Your answer should hold only the lines from the start of the data below through the line with "Набор инструментов 45", copied exactly, with pictures left out.

**DATA SEGMENT**
|---|
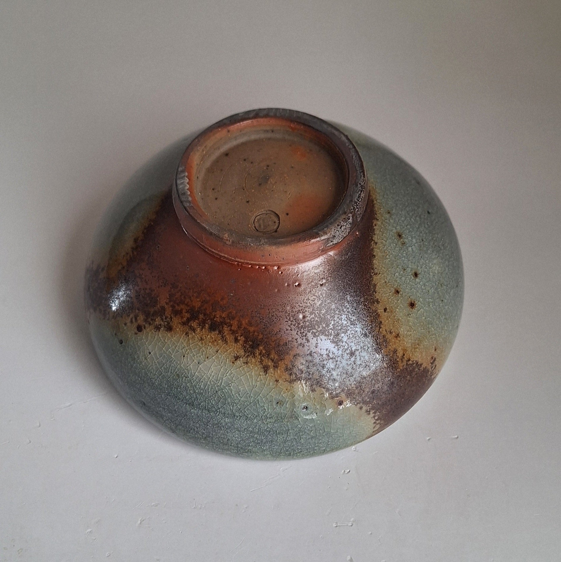 Small stoneware bowl. Wood fired with shino and natural ash glazes.
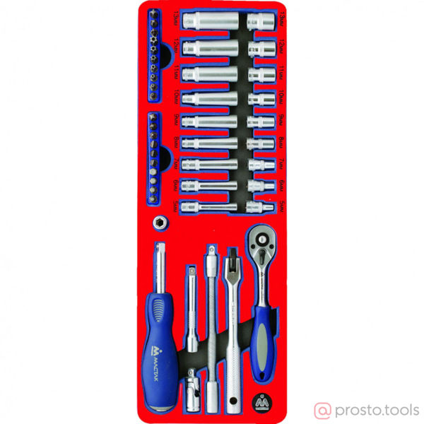 Набор инструментов 45 предметов торцевые головки с присоединительным квадратом 1/4 дюйма и аксессуары Мастак 5-002045 в ложементе из материала EVA предназначен для комплектации передвижных инструментальных тележек или слесарных верстаков при создании индивидуальных рабочих мест на станциях технического обслуживания автомобилей и других предприятиях, занимающихся обслуживанием и ремонтом различной техники.
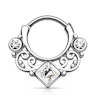 Pokud jste na sebe pyšní, že jste se konečně odhodlali propíchnout si Váš septum, a chcete si jej náležitě ozdobit, tento fantastický septum piercing se zavíráním na zacvaknutí si jistě zamilujete. Tento šperk je velmi elegantní, a má design, který nikdy nevyjde z módy. Je ozdobený několika kamínky, které jsou k dispozici v několika barvách, a mezi kterými se proplétají drobné, ozdobné vlnky.
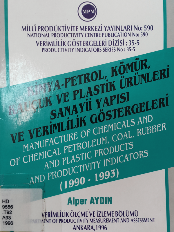 Kimya-petrol, kömür, kauçuk ve plastik ürünleri sanayii yapısı ve verimlilik göstergeleri: 1990-1993 / Alper Aydın.
|---|
**ANSWER AREA**
 Small stoneware bowl. Wood fired with shino and natural ash glazes.
 Набор инструментов 45 предметов торцевые головки с присоединительным квадратом 1/4 дюйма и аксессуары Мастак 5-002045 в ложементе из материала EVA предназначен для комплектации передвижных инструментальных тележек или слесарных верстаков при создании индивидуальных рабочих мест на станциях технического обслуживания автомобилей и других предприятиях, занимающихся обслуживанием и ремонтом различной техники.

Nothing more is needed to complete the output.